Exercise: Only the lines from the top of the records below through the line containing "Tail Light Assembly, Clear" should be printed, exactly and without pictures.
▼
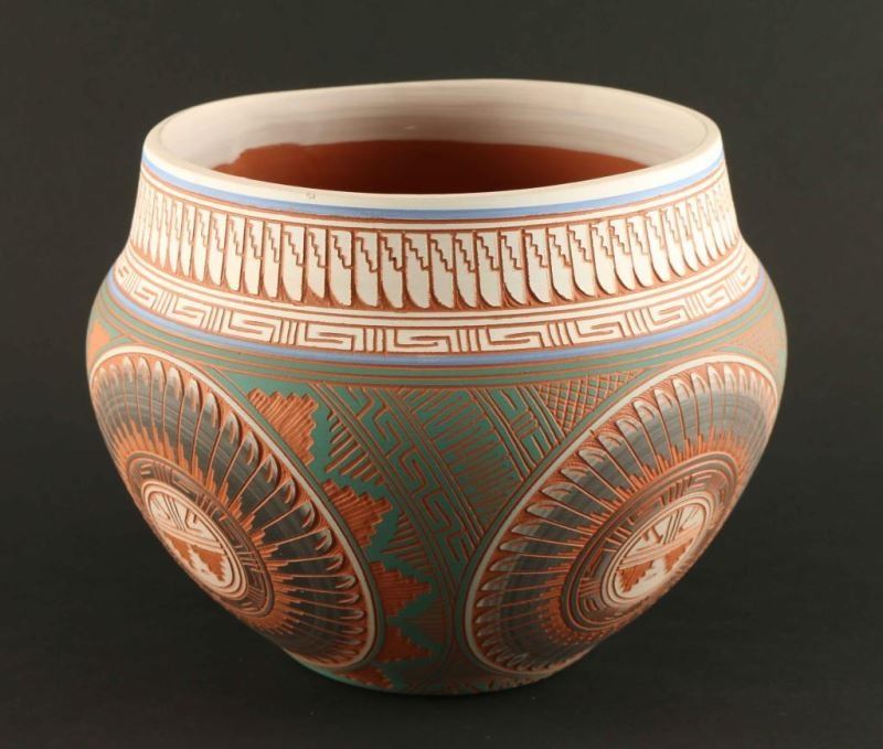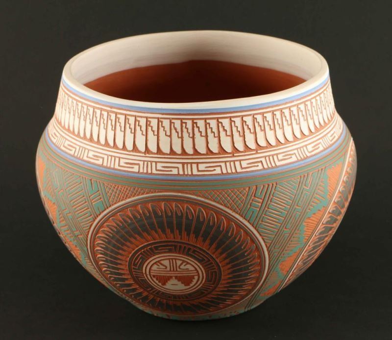 Lot 863 Colorful Incised Carved Pot
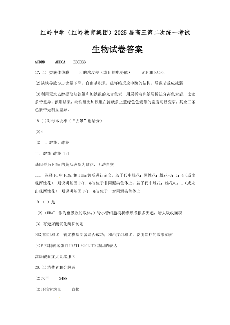 广东省深圳市福田区红岭中学2025届高三上学期第二次统一考试生物答案
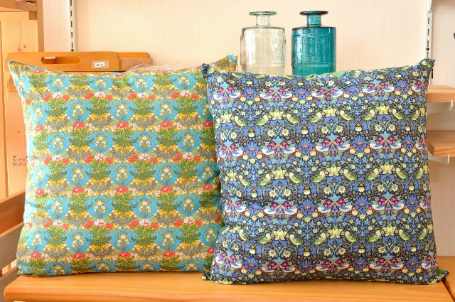 リバティのクッションカバーができました。 Bronwyn (ブロンウィン) と Strawberry Thief (ストロベリーシーフ) きっとリバティはどの柄で作っても可愛い♪ 裏はフレンチリネンを合わせています。 届いたばかりのグリーンとカーキ リバティとフレンチリネンの相性は抜群なので、何色を持ってきてもハズレはないですよ♪ こちらはオーダー品ですが、店売り用もございます。 ...
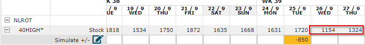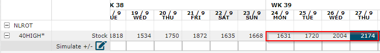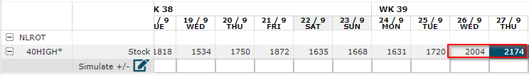 | 9 | Above/Below Target | If the stock level of a certain day is above the maximum TSL for the day, the system sets the stock cell in blue. If the stock level of a certain day is below the minimum TSL for the day, the system sets the stock cell in red. TSL is set at week level (Read more on Target Stock Level) and the system enforces the same TSL for all days of the calendar week. Note that, if there is no TSL data found for a specific geo/equ type/week combination or the stock is between MinTSL and MaxTSL, ROCK does not highlight the cell. |
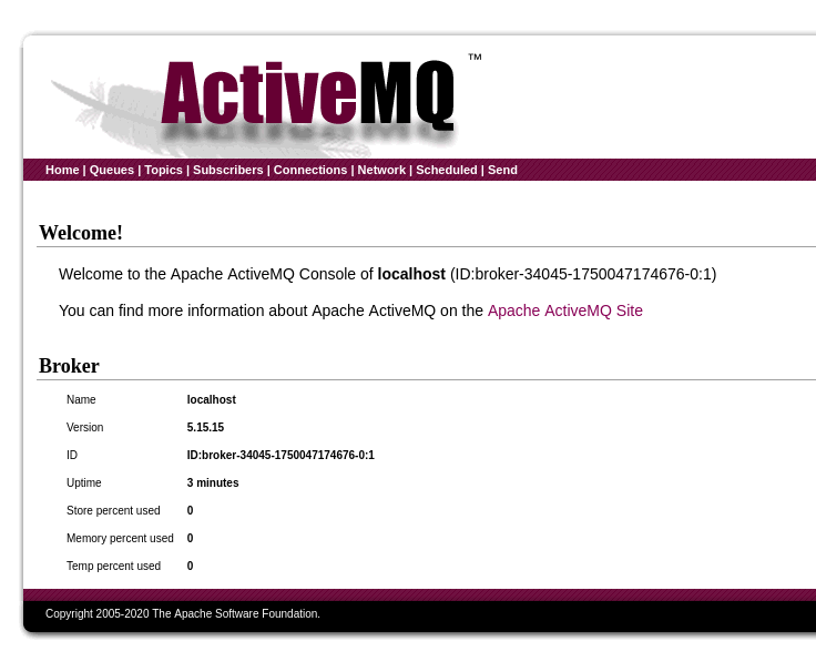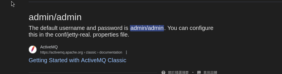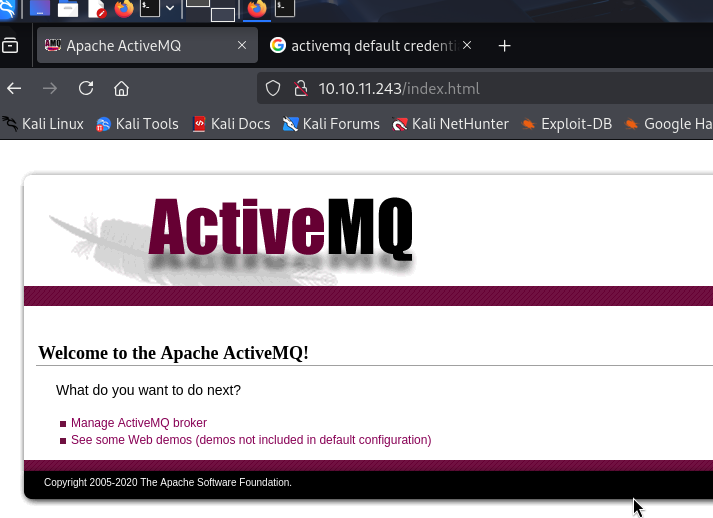 The first visit will required to enter the credentials. We may notice that the basic realm is ActiveMQRealm, we can search for the default credentials.
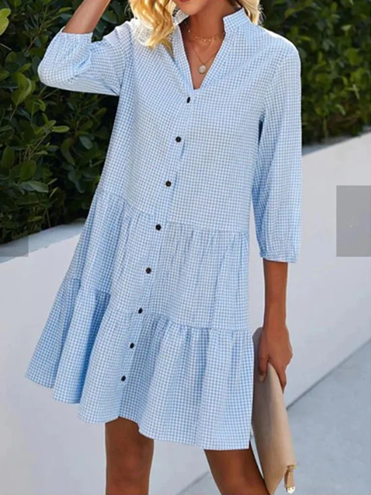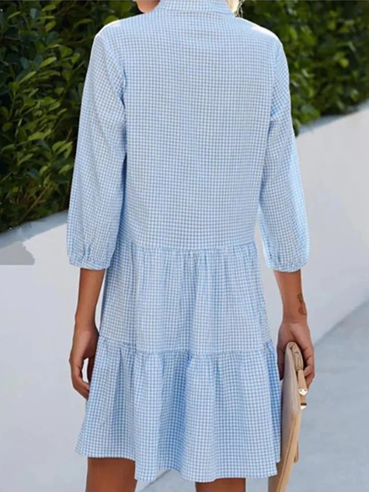 Mini robe à carreaux légère pour femmes, robes de style chemise, manches longues, col en V, printemps, automne |
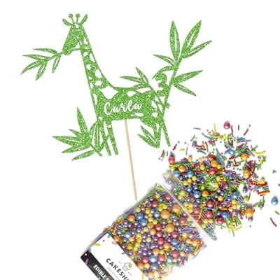 Cakeshop Cake Decoration Pack Jungle Giraffe Birthday Premium Double Sided Glitter Card Topper & 25g Party of Sugar Sprinkles Custom Name Age (Green)
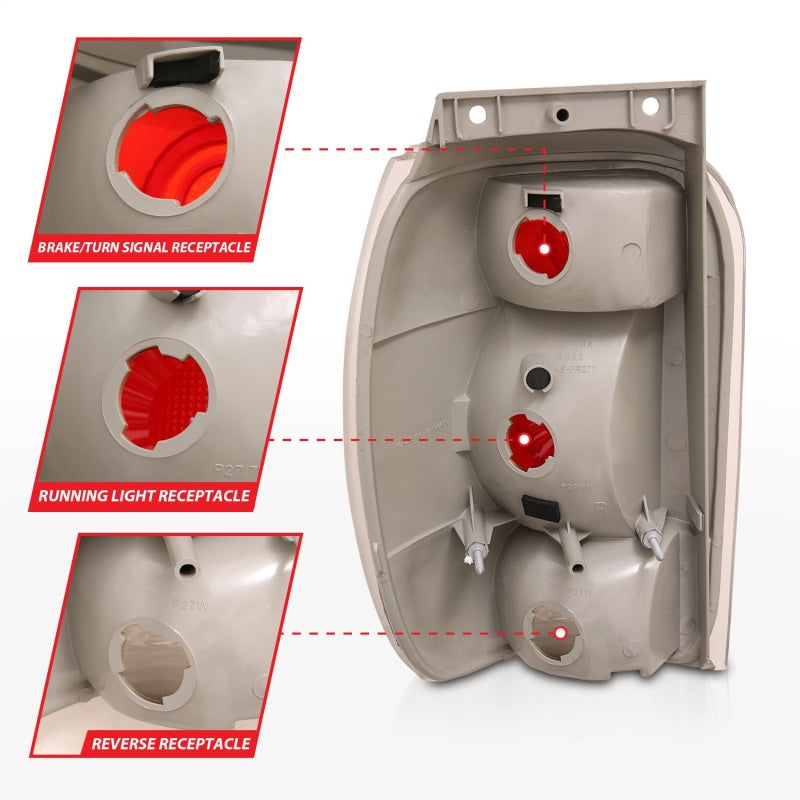 Tail Light Assembly, Clear Lens, Chrome Housing, Pair, . Guaranteed To Improve Your Vehicles Appearance. Rigorously Tested For Fit And Function. Simple Plug And Play. No Modifications Required. Easy Installation Using Common Hand Tools. Uses Stock Mounting Locations And Hardware. D.O.T. Compliant To S.A.E. Standards. Sold As A Pair. Does Not Fit Explorer Sport Models.
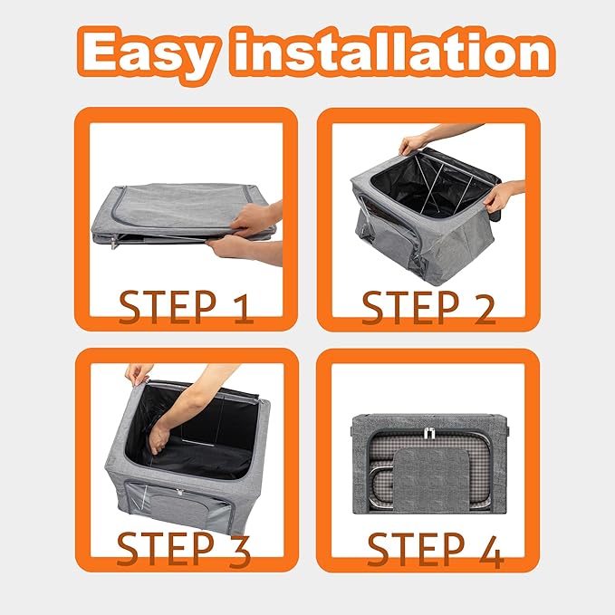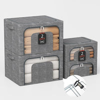 Stackable Clothes Storage Bins with Metal Frame, 4 Piece Stackable Clothes Organizer with Double Opening + Clear Window Design for Cabinets, Under Beds, Storage and Garage Gray 2 * 22 L + 2 * 64 L
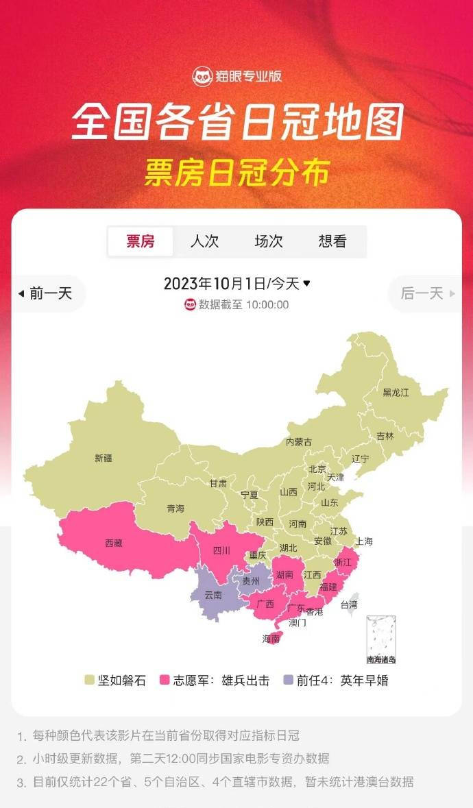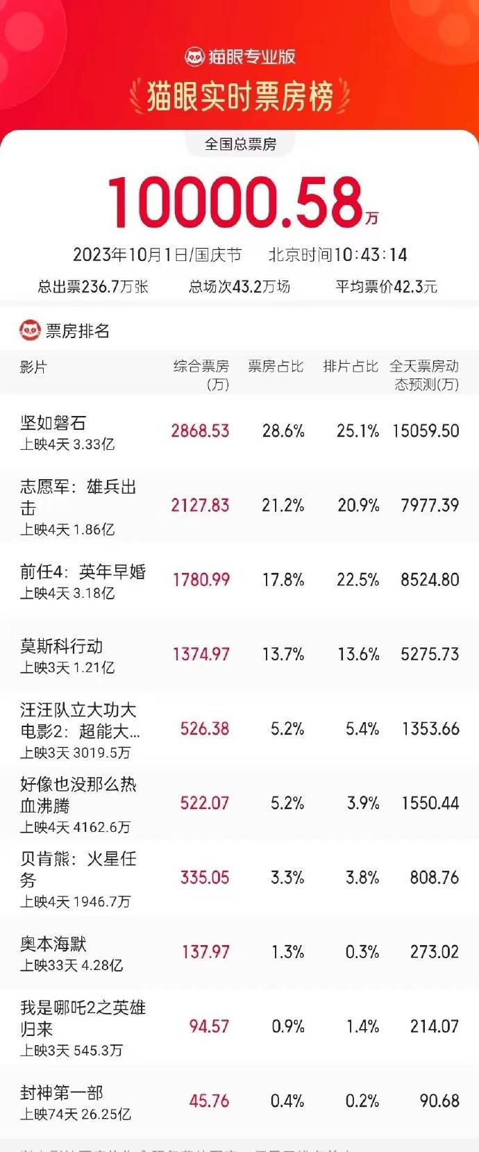 原标题:2023国庆节单日票房破亿 《坚如磐石》《志愿军》《前任4》分列前三
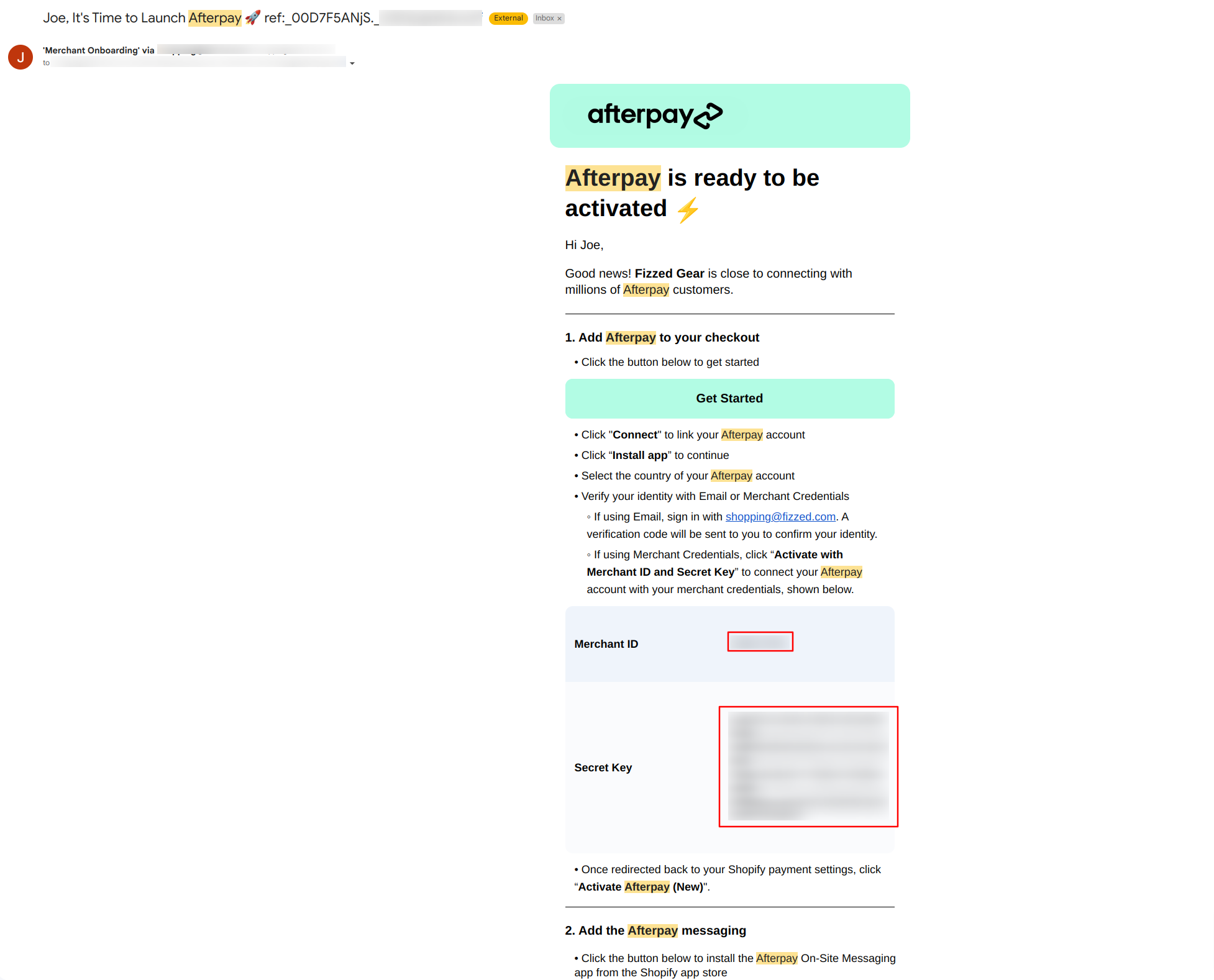 - Obtain your Merchant ID and Secret Key from Afterpay. This will be in an email sent from Afterpay during the on-boarding.
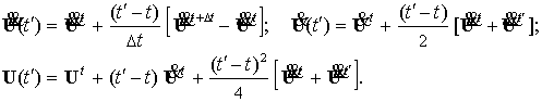 любой момент времени в пределах текущего шага Δt значения перемещений, скоростей и ускорений рассчитываются по
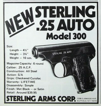 Итак, буквально за год до этого в городе Баффало, штат Нью-Йорк, открывается фирма Sterling Arms Corporation, которая изначально начинает выпускать малокалиберный пистолет, внешне напоминающий High Standard H-D и даже совместимый с ним по некоторым частям, в нескольких вариантах — укороченная «модель 285» (она же Husky), спортивная «модель T300» и облегченная «модель T300L» с рамкой из легкого сплава вместо стали.
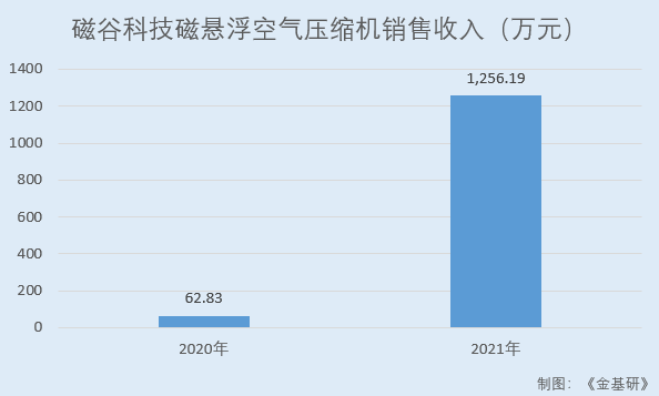 其中,磁谷科技磁悬浮空气压缩机2020年开始实现销售收入,2020年及2021年分别实现销售收入62.83万元、1,256.19万元,增速飞快。
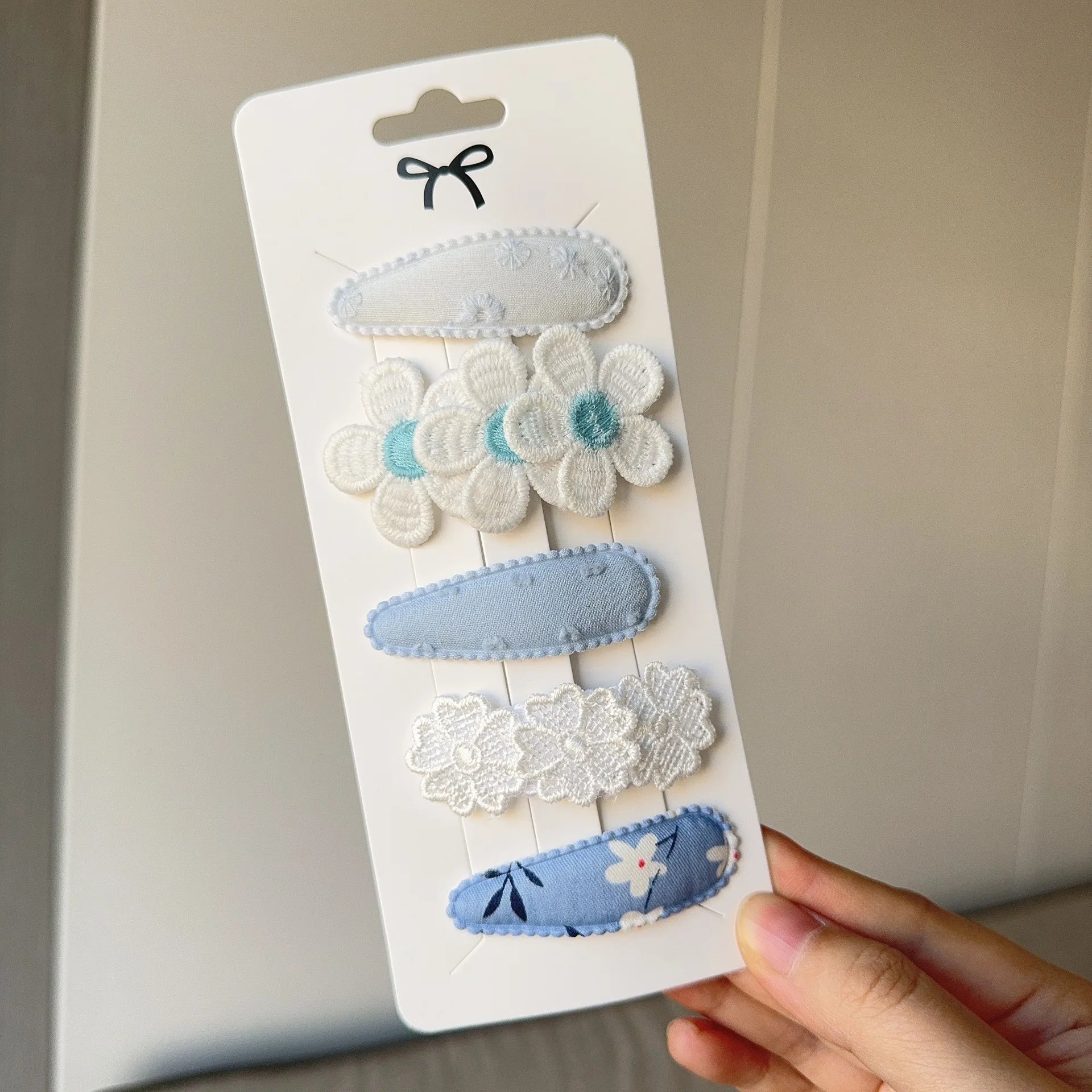 Set includes multiple flower-themed hair clips in sweet, colorful designs
▲
Problem solution:
 Lot 863 Colorful Incised Carved Pot
 广东省深圳市福田区红岭中学2025届高三上学期第二次统一考试生物答案
 リバティのクッションカバーができました。 Bronwyn (ブロンウィン) と Strawberry Thief (ストロベリーシーフ) きっとリバティはどの柄で作っても可愛い♪ 裏はフレンチリネンを合わせています。 届いたばかりのグリーンとカーキ リバティとフレンチリネンの相性は抜群なので、何色を持ってきてもハズレはないですよ♪ こちらはオーダー品ですが、店売り用もございます。 ...
 | 9 | Above/Below Target | If the stock level of a certain day is above the maximum TSL for the day, the system sets the stock cell in blue. If the stock level of a certain day is below the minimum TSL for the day, the system sets the stock cell in red. TSL is set at week level (Read more on Target Stock Level) and the system enforces the same TSL for all days of the calendar week. Note that, if there is no TSL data found for a specific geo/equ type/week combination or the stock is between MinTSL and MaxTSL, ROCK does not highlight the cell. |
 The first visit will required to enter the credentials. We may notice that the basic realm is ActiveMQRealm, we can search for the default credentials.
 Mini robe à carreaux légère pour femmes, robes de style chemise, manches longues, col en V, printemps, automne |
 Cakeshop Cake Decoration Pack Jungle Giraffe Birthday Premium Double Sided Glitter Card Topper & 25g Party of Sugar Sprinkles Custom Name Age (Green)
 Tail Light Assembly, Clear Lens, Chrome Housing, Pair, . Guaranteed To Improve Your Vehicles Appearance. Rigorously Tested For Fit And Function. Simple Plug And Play. No Modifications Required. Easy Installation Using Common Hand Tools. Uses Stock Mounting Locations And Hardware. D.O.T. Compliant To S.A.E. Standards. Sold As A Pair. Does Not Fit Explorer Sport Models.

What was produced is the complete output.